**Supplied material**
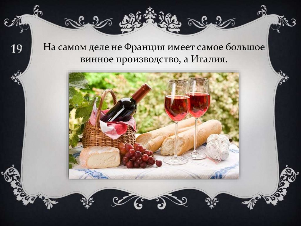 На самом деле не Франция имеет самое большоевинное производство, а Италия.
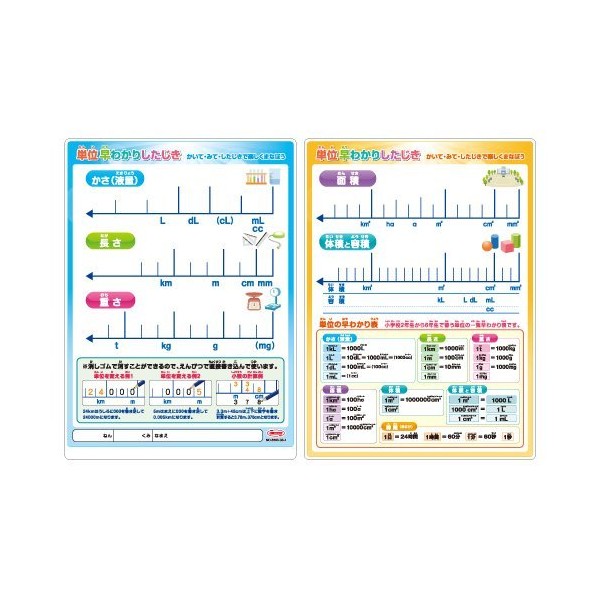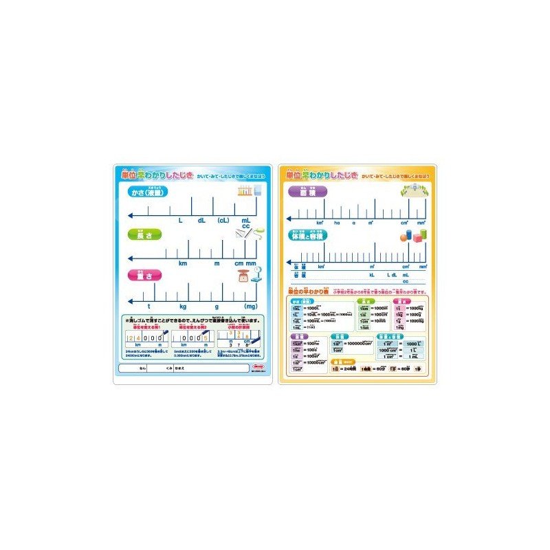 The quick learning desk pad consists of 2 sides: The outer side has unit measurements for liquid volume, length and weight, and the inner side contains unit measurements for surface area and volume.
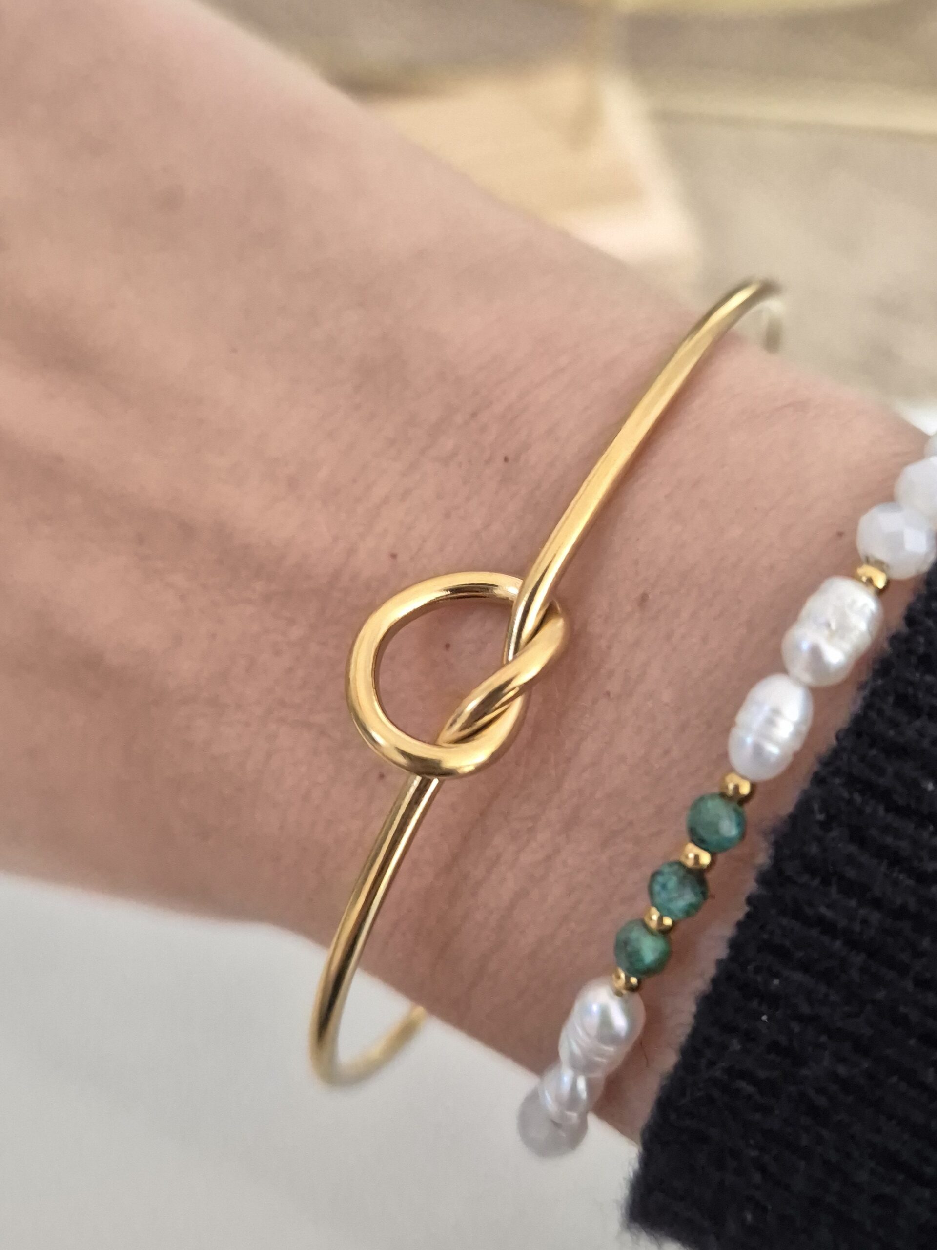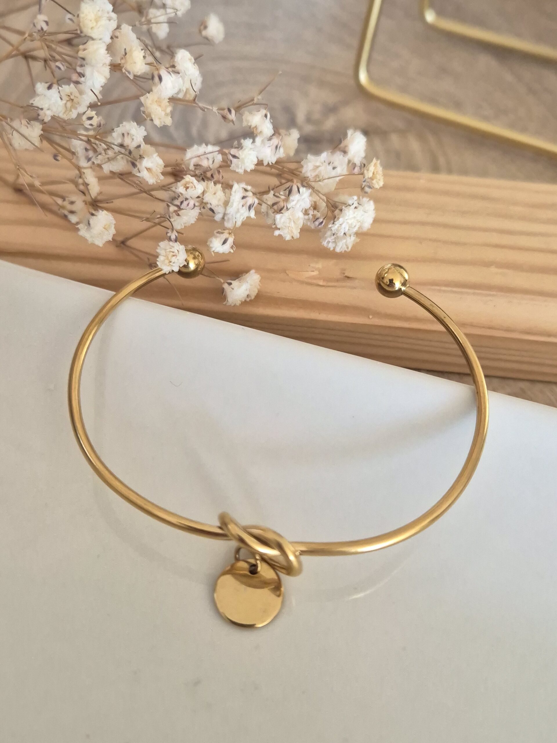 magnifique bracelet représentant un nœud en acier inoxydable doré resserrable à la taille de votre poignet en option vous avez la possibilité d’ajouter une petite médaille gravée de taille 10 mm

**What to work on**
The data is to be printed again exactly, but without its pictures.

**Output of the exercise**
 На самом деле не Франция имеет самое большоевинное производство, а Италия.
 The quick learning desk pad consists of 2 sides: The outer side has unit measurements for liquid volume, length and weight, and the inner side contains unit measurements for surface area and volume.
 magnifique bracelet représentant un nœud en acier inoxydable doré resserrable à la taille de votre poignet en option vous avez la possibilité d’ajouter une petite médaille gravée de taille 10 mm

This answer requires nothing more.